I noticed that the music (and only the music... the sound works fine) was just gone in some of my games, and I went to the device manager, and under "Other Devices" I have a question mark/exclamation point and SM Bus Controller. When I try to restart my computer, it always looks for the hardware, but can't find it..

I don't know what info on my computer you need to help me... I have an Alienware with an Intel Core 2 Quad CPU, Q6600. I tried calling Alienware for tech support, but my warranty had run out, and, well... here I am! Is the SM Bus thing related to my sound issues?


----------



## makinu1der2 (Jan 1, 2008)

*Re: SM Bus Controller Help*

Hello

Post the model number of the computer.

You need to install the Chipset Driver to get rid of the SM Bus Controller error.

Go to the Alienware website and see if you can download the Chipset Driver for your model.


----------



## ariinya (Mar 13, 2007)

*Re: SM Bus Controller Help*

Sorry, I don't know the model number... it says CustomPC. Is there a place I could find the model number?

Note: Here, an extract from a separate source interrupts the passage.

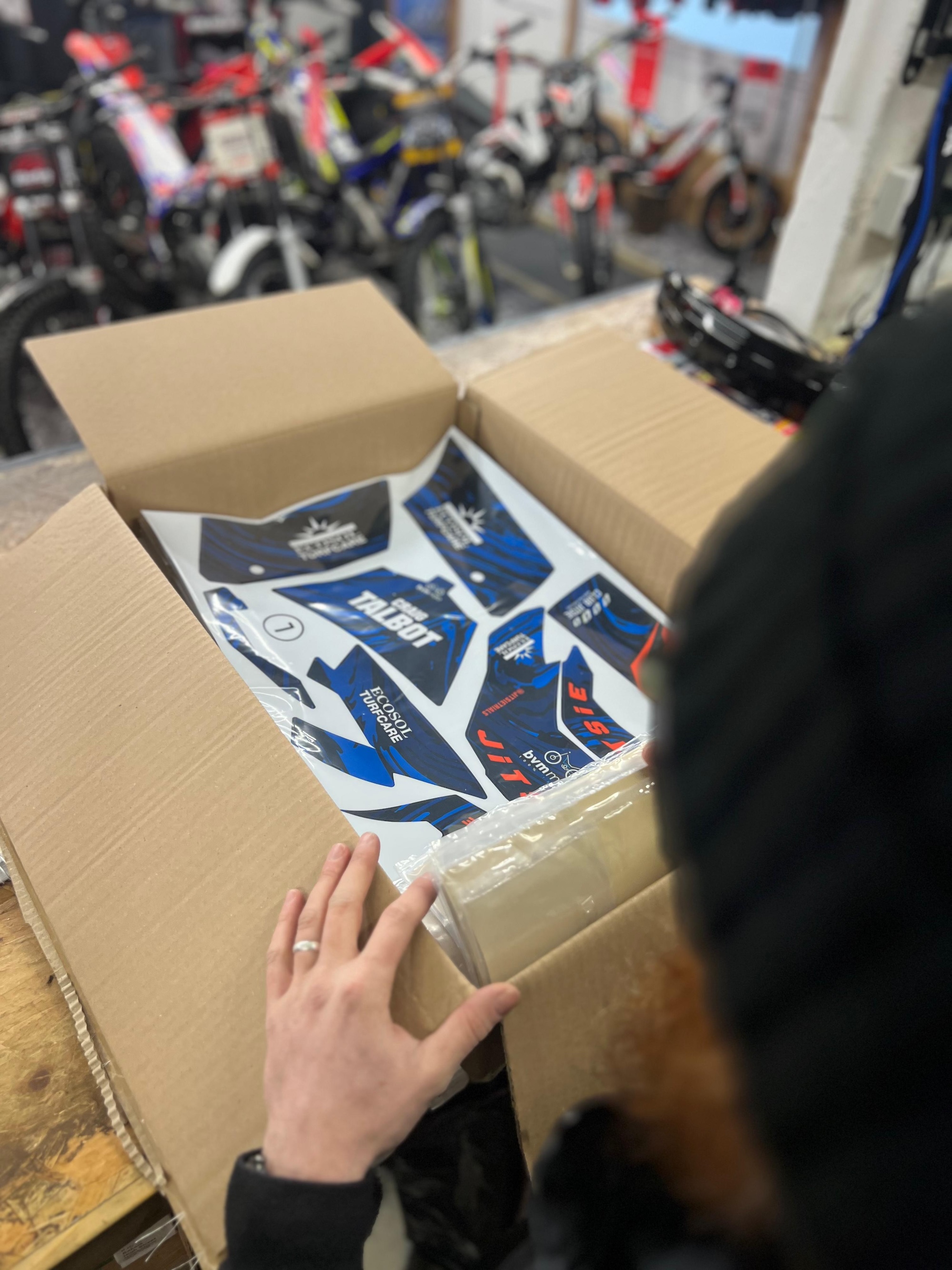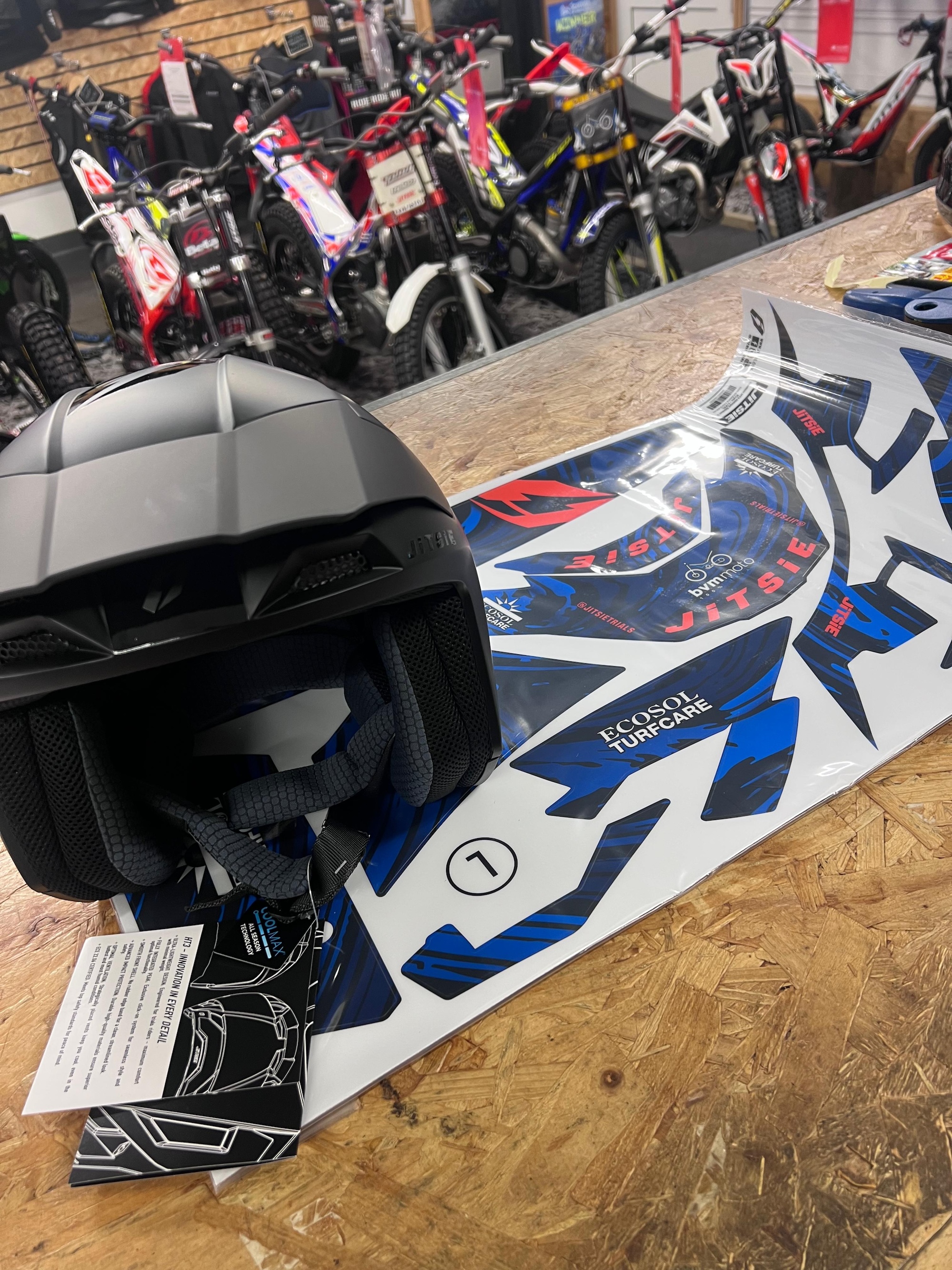 You then send us your preferred colours, logos, sponsors, rider name or number. Our team works directly with you to integrate these elements into the chosen base design and fine-tune the colours and layout so everything fits the helmet perfectly.

That's what I find by right clicking the My Computer icon.


----------



## makinu1der2 (Jan 1, 2008)

*Re: SM Bus Controller Help*

Look on case maybe for model number.

Download and run Everest and post details.


----------



## ariinya (Mar 13, 2007)

*Re: SM Bus Controller Help*

I wasn't sure exactly what you wanted, but here's the report...

And I couldn't find the model number. When I go to the alienware site, I can't find the place to download the chipset thing you said I need... grrr...


----------



## Riskyone101 (Oct 22, 2008)

*Re: SM Bus Controller Help*

Chipset driver:
http://www.nvidia.com/object/nforce_winxp_15.25.html

Video driver:
http://www.nvidia.com/object/winxp_185.85_whql.html

Install chipset driver first
reboot pc
Install video driver
reboot pc


----------



## ariinya (Mar 13, 2007)

*Re: SM Bus Controller Help*

That seems to have kicked the problem in the butt! Hooray! Thank you!

If I may briefly pick your brains, however... I was wondering if you knew of a program you could run that would get rid of dead folders. You know, the rubbish that's left behind after you uninstall a program? I tend to forget, and have a great deal of this cluttering my computer.


----------



## Riskyone101 (Oct 22, 2008)

*Re: SM Bus Controller Help*

Great! glad to hear it!

Use at your risk:
http://www.ccleaner.com/

Note: after uninstalling a program, you can check in program files for the folder
and make sure it is gone or simply delete it, if its still there.

PSI secunia will help you keep your software up to date as also 
checks for vulnerabilities.

PSI secunia:
http://secunia.com/vulnerability_scanning/personal/

you can mark thread solved under thread tools near top of this page,
unless any more questions?


----------